══ Data to examine ══

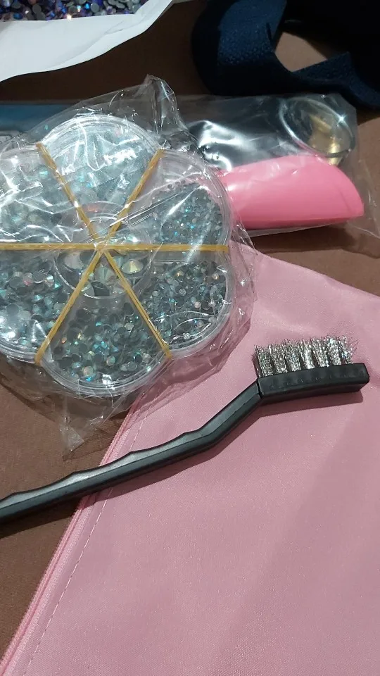 Посылка шла с месяц. Пояльник работает, греется, в комплекте несколько насадок разного размера. Испытали, стразы приклеил. Спасибо за товар.
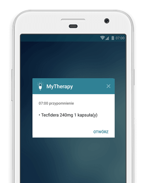 Stwardnienie rozsiane nie jest jeszcze całkowicie uleczalne, ale nowoczesne leki takie jak Tecfidera, Fingolimod, Interferon i Mavenclad pomagają zmniejszyć częstotliwość rzutów choroby oraz złagodzić jej symptomy. Pozytywne efekty można osiągnąć tylko wtedy, gdy terapia prowadzona jest regularnie. Aplikacja MyTherapy zawsze przypomni o konieczności zażycia leku na czas.
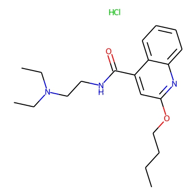 | CCSBASE_07FC7E933A | DIBUCAINE HYDROCHLORIDE | [M+H]+ | 344.2333 | 195.5 | CCCCOC1=NC2=CC=CC=C2C(=C1)C(=O)NCCN(CC)CC.Cl | small molecule | 1 | 7 | TW | calibrated with polyalanine and drug standards | |
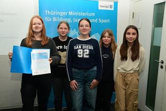 Am Donnerstag, dem 24.Oktober 2024, fuhren wir nach Erfurt ins Bildungsministerium, um dort unseren Preis entgegenzunehmen. Wir waren natürlich total aufgeregt und haben uns gefreut, dass wir die Jury mit unserer Herbstausgabe „Inklusion: Alles, was zählt, sind wir” überzeugen konnten.
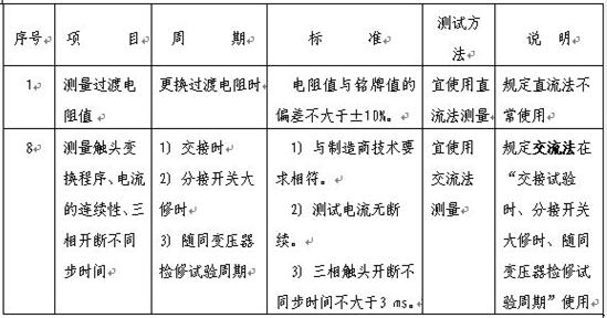 為了解決分接開(kāi)關(guān)現(xiàn)場(chǎng)試驗(yàn)問(wèn)題,電力研究單位進(jìn)行了大量的研究和現(xiàn)場(chǎng)試驗(yàn)工作,將交流測(cè)試技術(shù)應(yīng)用于分接開(kāi)關(guān)現(xiàn)場(chǎng)試驗(yàn),獲取了必要的試驗(yàn)數(shù)據(jù),積累了一定經(jīng)驗(yàn),并制定出電力行業(yè)新標(biāo)準(zhǔn)《DL/T265-2012變壓器有載開(kāi)關(guān)現(xiàn)場(chǎng)試驗(yàn)導(dǎo)則》。制定新標(biāo)準(zhǔn)的目的在于,規(guī)范高壓試驗(yàn)專(zhuān)業(yè)分接開(kāi)關(guān)現(xiàn)場(chǎng)試驗(yàn)項(xiàng)目、試驗(yàn)方法、缺陷判斷標(biāo)準(zhǔn)、分析方法,對(duì)各類(lèi)有載分接開(kāi)關(guān)投運(yùn)前及按檢修試驗(yàn)周期進(jìn)行有效試驗(yàn),準(zhǔn)確判定分接開(kāi)關(guān)的動(dòng)作特性,可靠發(fā)現(xiàn)分接開(kāi)關(guān)切換過(guò)程中的異常情況,準(zhǔn)確判定分接開(kāi)關(guān)缺陷。新標(biāo)準(zhǔn)對(duì)測(cè)量變壓器有載分接開(kāi)關(guān)的測(cè)試方法、測(cè)量項(xiàng)目、測(cè)試周期做出了明確規(guī)定。
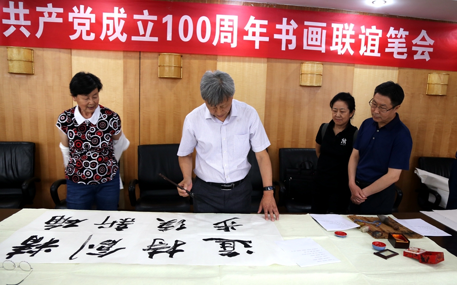 为庆祝中国共产党成立100周年,回顾党的奋斗历程,歌颂美好新时代,助力公司企业文化建设。6月24日,山东宁森环保科技有限公司、烟台市老年书画研究会、烟台市老干部志愿者协会共同举办“庆祝中国共产党成立100周年联谊书画笔会”。本次活动共有18位县处级退休老干部书画家参加。
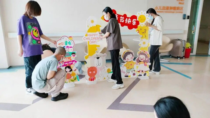 5月31日下午,基金会工作人员与志愿者们早早来到病房活动区,用汽球,卡通饰品,KT板背景墙等对病区活动区进行了布置,让小朋友们感受到浓浓的“六一”儿童节氛围。
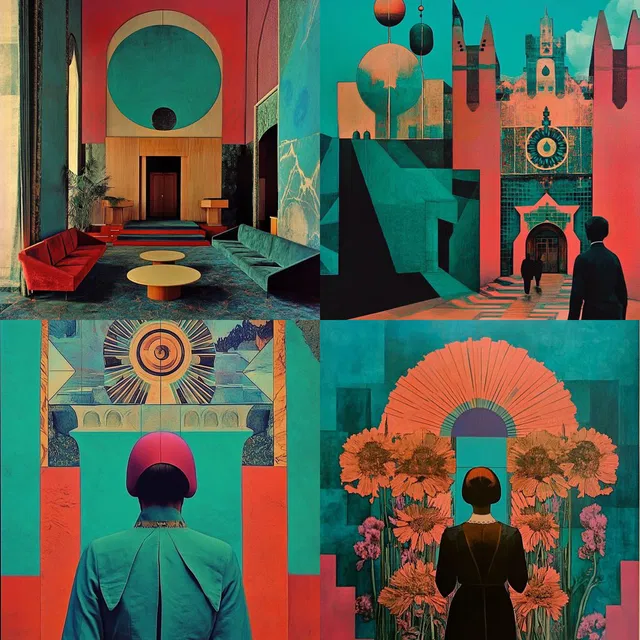В этом своеобразном стиле яркий сюрреализм сочетается с геометрической точностью. Контрастные цвета и структурированные композиции создают сказочные сюжеты. Архитектурные мотивы и стилизованные персонажи живут в футуристических городах и среди абстрактных форм, отражая слияние ностальгии и футуризма.
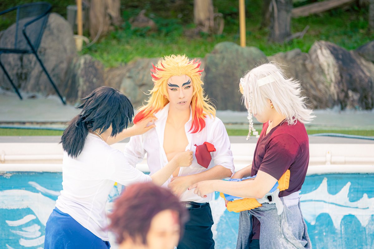 39 203 ⚠️cos⚠️ ALLオフショだけど、去年のプール撮影めっちゃ楽しかったなァ🤤って写真見てたら何やらお世話されてるの笑いました😆✨👍皆やさしい🥰✨ ひんむかれてるみたいにも見えるけどwww 撮影…@kuoooooosbckn 23/07/03 12:04
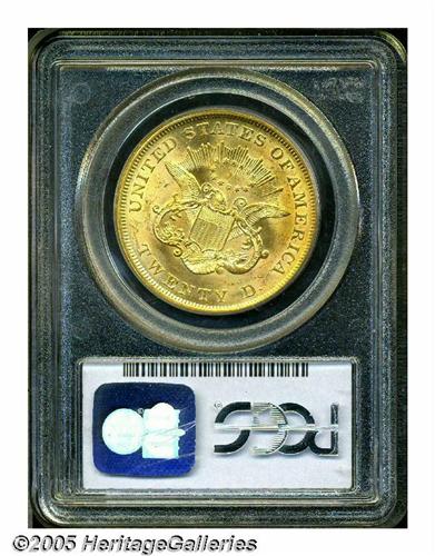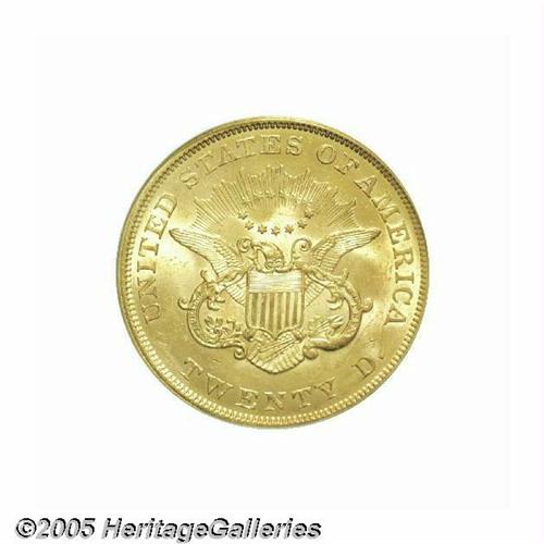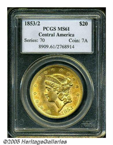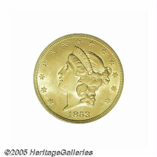 <B>1853/2<$20> MS61 S.S. Central America PCGS.</B></I> The importance of this offering should be immediately apparent to anyone remotely familiar with U.S. gold. We have only seen one other Mint State example of this overdate, an MS62 we offered in our 2004 FUN Signature Sale, the previously finest known was an AU58.<BR> The 1853 overdate is the only overdate that is recognized in the entire Liberty Double Eagle series. It wasn't discovered until 1959 and only began to be widely recognized in the early 1980s. By then, of the coins that were still in existence, a great many had been ravaged by cleaning or were only available in VF-XF condition. This is one of three MS61 examples, and is bettered by the single MS63 (the finest known) at either service. As an interesting aside, there were three overdates in the <I>S.S. Central America</B></I> holdings, two of which were in relatively high grades. This is a well defined piece (save for stars 11, 12, and 13) whose satiny mint luster is interrupted only by the presence of numerous small abrasions scattered over each side. The only mark that stands out as particularly noteworthy is a horizontal abrasion above the TW of TWENTY on the reverse.<BR> All genuine 1853 overdates have the same die characteristics, and it is important to always check that these are present, as repunched dates are also known, and these coins have on occasion been foisted upon the unknowing as genuine overdates. Genuine overdates show clear evidence of the underdigit. There is also a diagnostic die dot below the R of LIBERTY, visible with light magnification. Repunching over a much smaller 1 is also noted near the base of the first digit (only faintly seen on this piece). Also, the crossbar of the A in STATES is broken and shows to have been repaired by hand.<BR> A rare and important opportunity for the specialist.<BR><I>From The Edward O'Neill Collection of Liberty Double Eagles.</B></I>
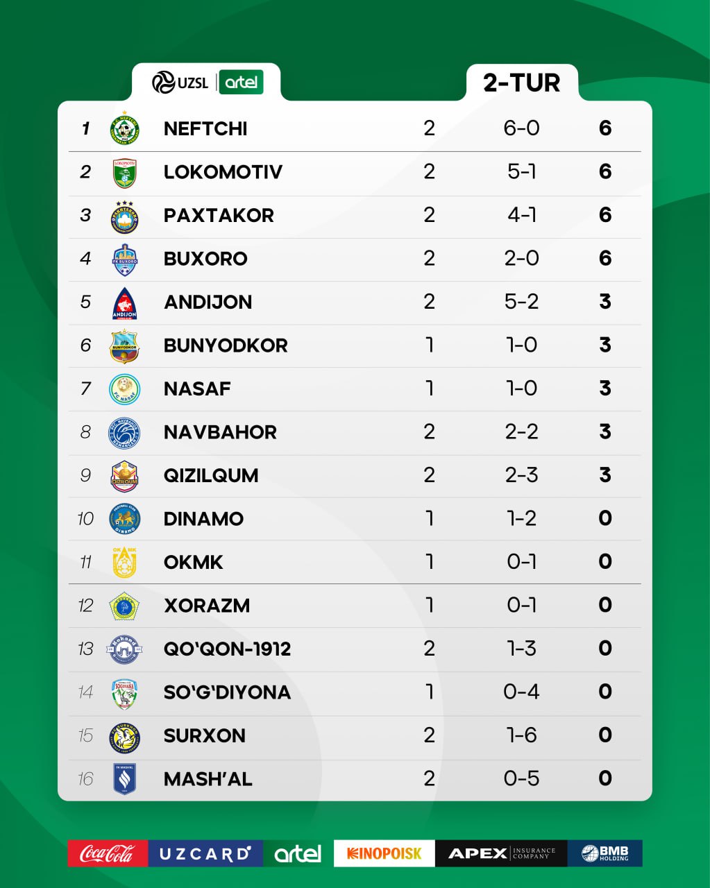 Ўйинларда қайд этилган натижалар ва турнир жадвалидаги ҳолат билан танишинг:
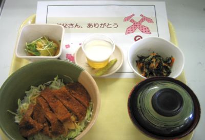 6月の第3日曜日は『父の日』です。この日は父の日に合わせたメニューを・・・と考え、がっつりとカツ丼メニューにしました。カツ丼は会津若松のB級グルメで有名な”ソースカツ丼”にしてみました。生ビールも添えてありますが、中身はりんごジュースで作った甘いゼリーです。
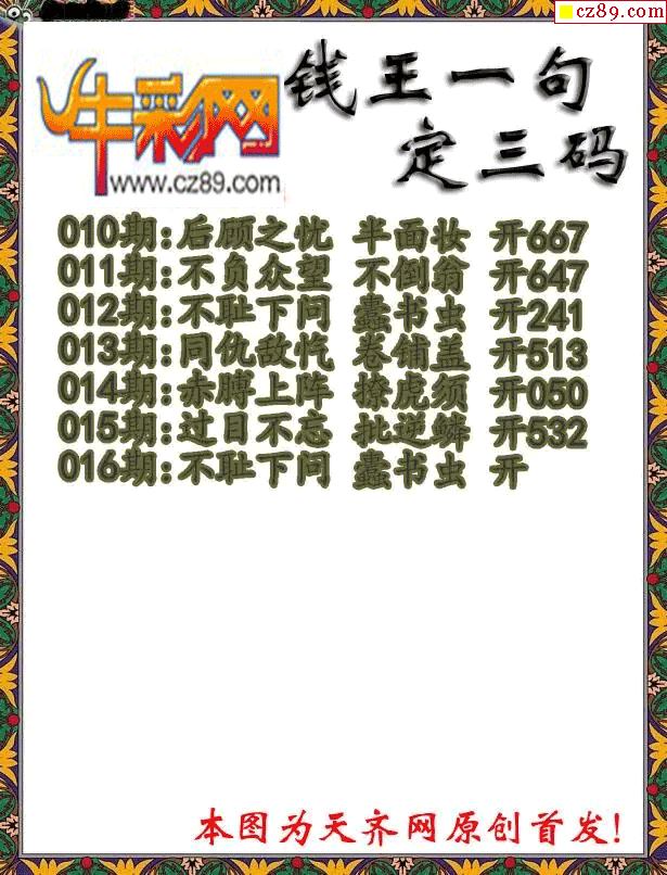 首页 > 福彩3D图谜 > 福彩3D2026016期钱王一句定三码字图谜
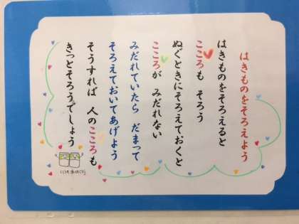 「・・・みだれていたらだまってそろえておいてあげよう。そうすれば、きっと人のこころもそろうでしょう」
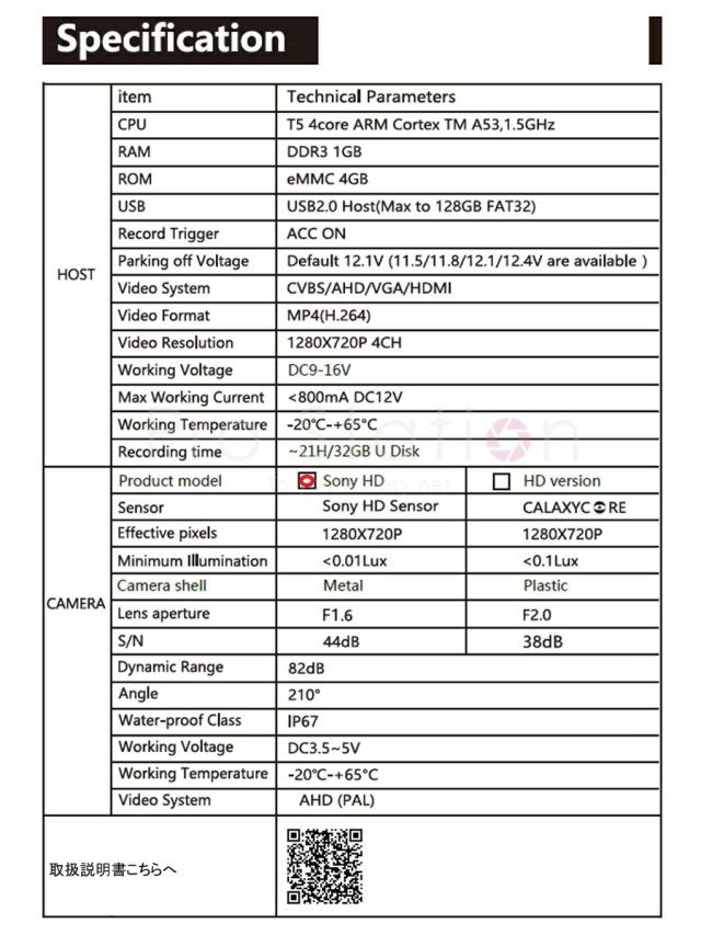 ・取扱説明書x1(電子版日本語説明書は詳細写真にあるQRコードより)
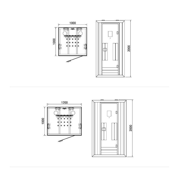 1000x1000x2000mm \ 1200x1000x2000mm
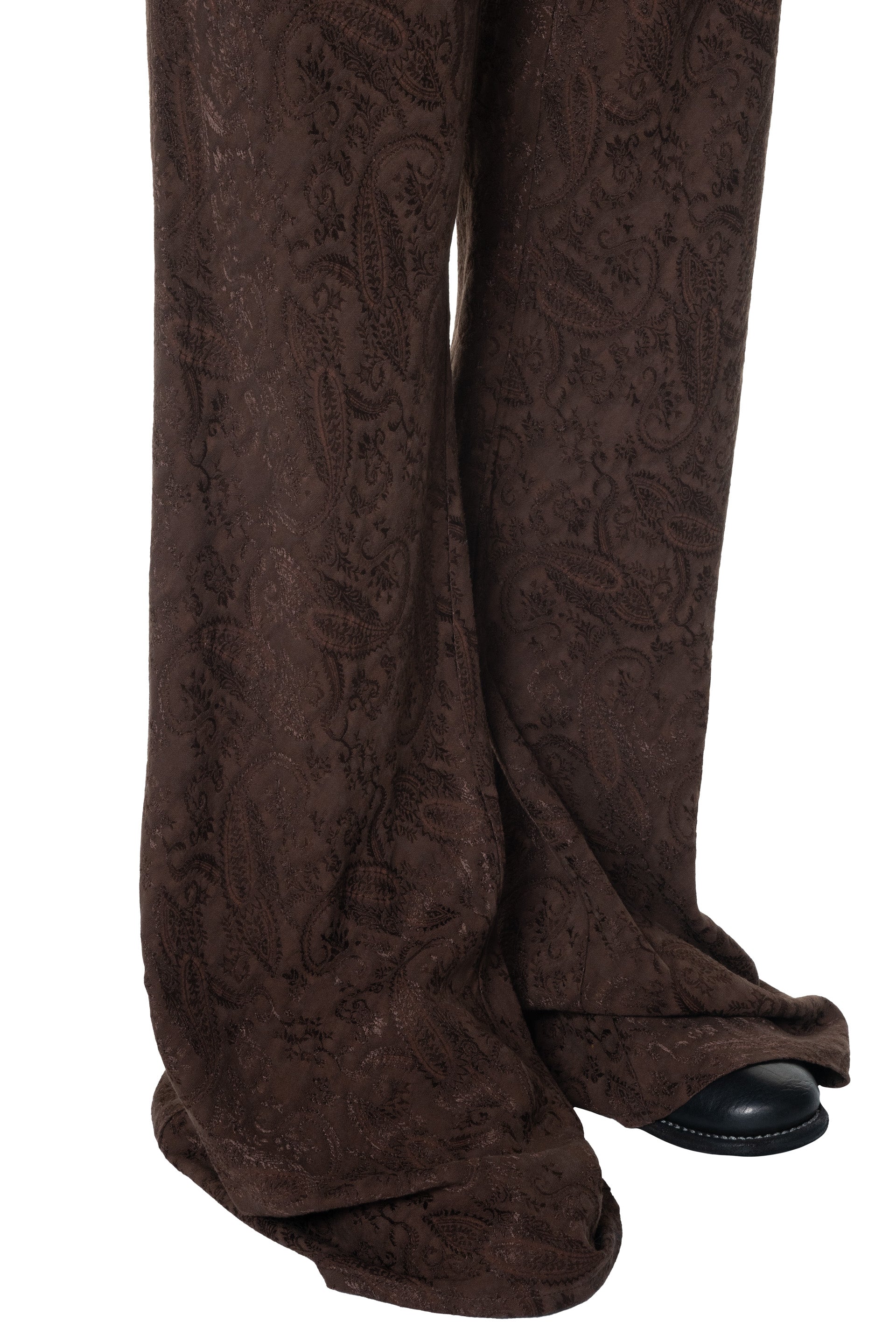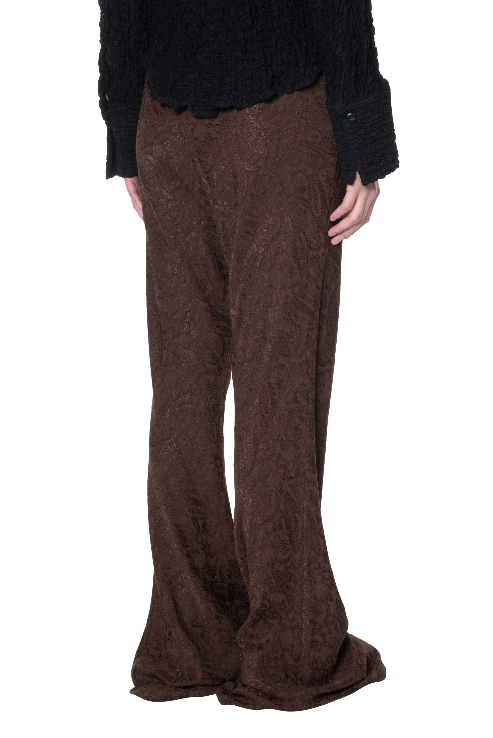 Song for the Mute Bell bottom flared trouser in a fluid paisley rayon. Featuring elongated drawstrings.
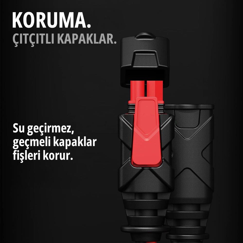 • X-Connect Noco kolay bağlantı sistemi ile kolayca şarj aletinize ve akü bağlantı maşalarına bağlama imkânı.
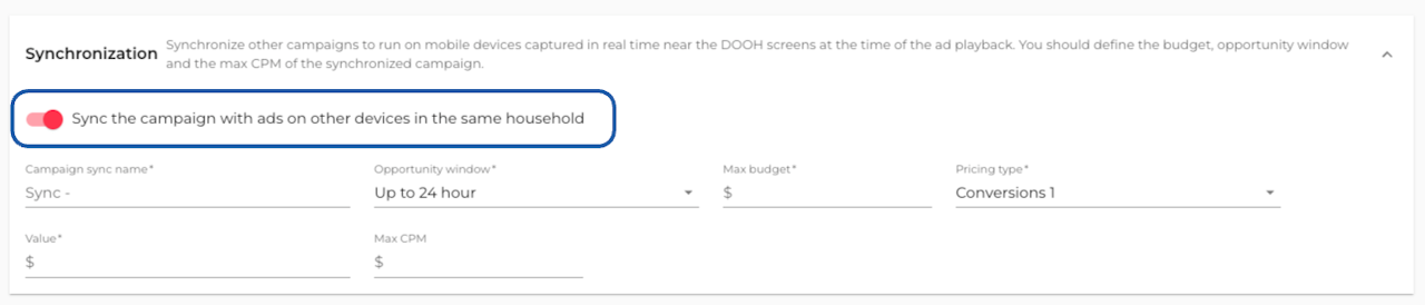 To start the process, you will need to click on the 'Sync the campaign with ads within the same household' switch.

═══

# Your instructions
Going from the line with "Song for the" to the last line of the listing, write out each line exactly and nothing else. Leave out all pictures.

# Worked solution
 Song for the Mute Bell bottom flared trouser in a fluid paisley rayon. Featuring elongated drawstrings.
 • X-Connect Noco kolay bağlantı sistemi ile kolayca şarj aletinize ve akü bağlantı maşalarına bağlama imkânı.
 To start the process, you will need to click on the 'Sync the campaign with ads within the same household' switch.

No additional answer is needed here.